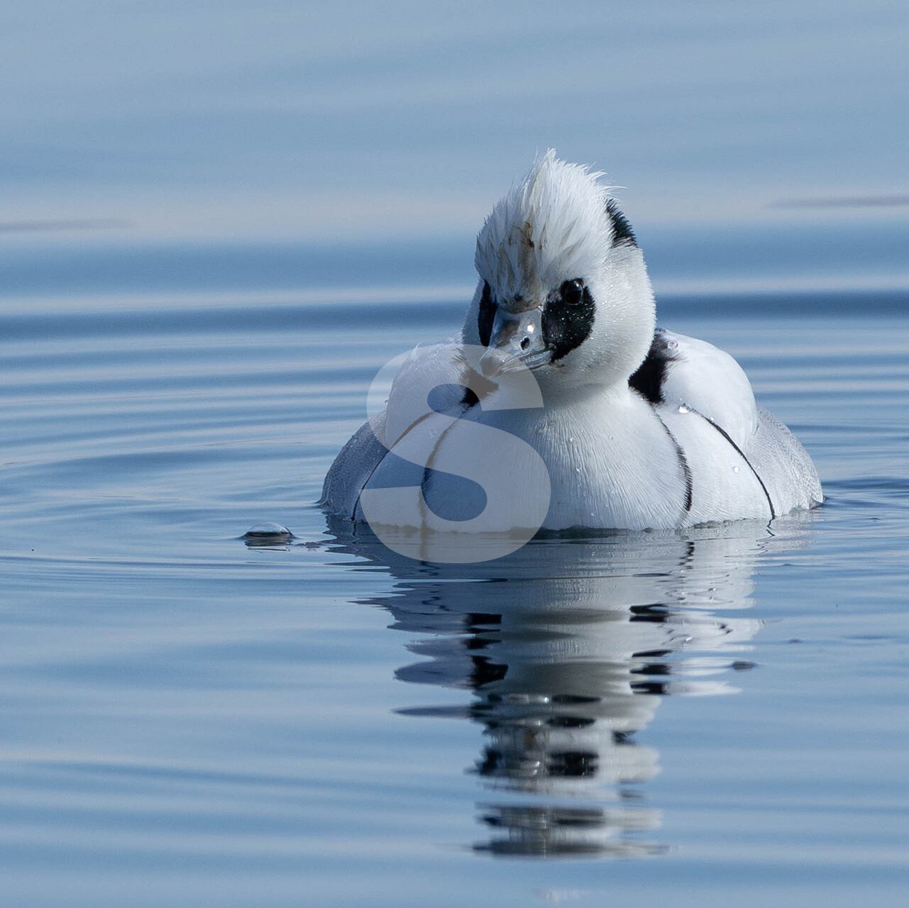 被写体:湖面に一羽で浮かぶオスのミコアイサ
==
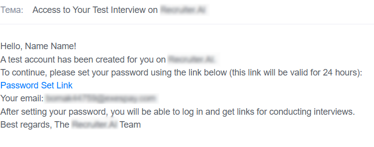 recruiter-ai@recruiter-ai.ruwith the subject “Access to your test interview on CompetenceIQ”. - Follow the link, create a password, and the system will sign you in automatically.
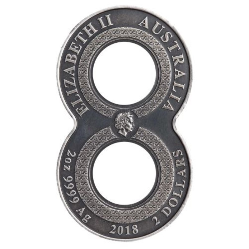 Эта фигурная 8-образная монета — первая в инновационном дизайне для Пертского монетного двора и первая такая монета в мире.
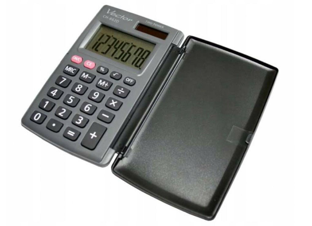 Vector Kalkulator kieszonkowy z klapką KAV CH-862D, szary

* **Description of the task**
Copy exactly the lines of the listing above between the one holding "Эта фигурная 8-образная" and the one holding "Vector Kalkulator kieszonkowy", inclusive; omit all pictures.

* **Result for this exercise**
 Эта фигурная 8-образная монета — первая в инновационном дизайне для Пертского монетного двора и первая такая монета в мире.
 Vector Kalkulator kieszonkowy z klapką KAV CH-862D, szary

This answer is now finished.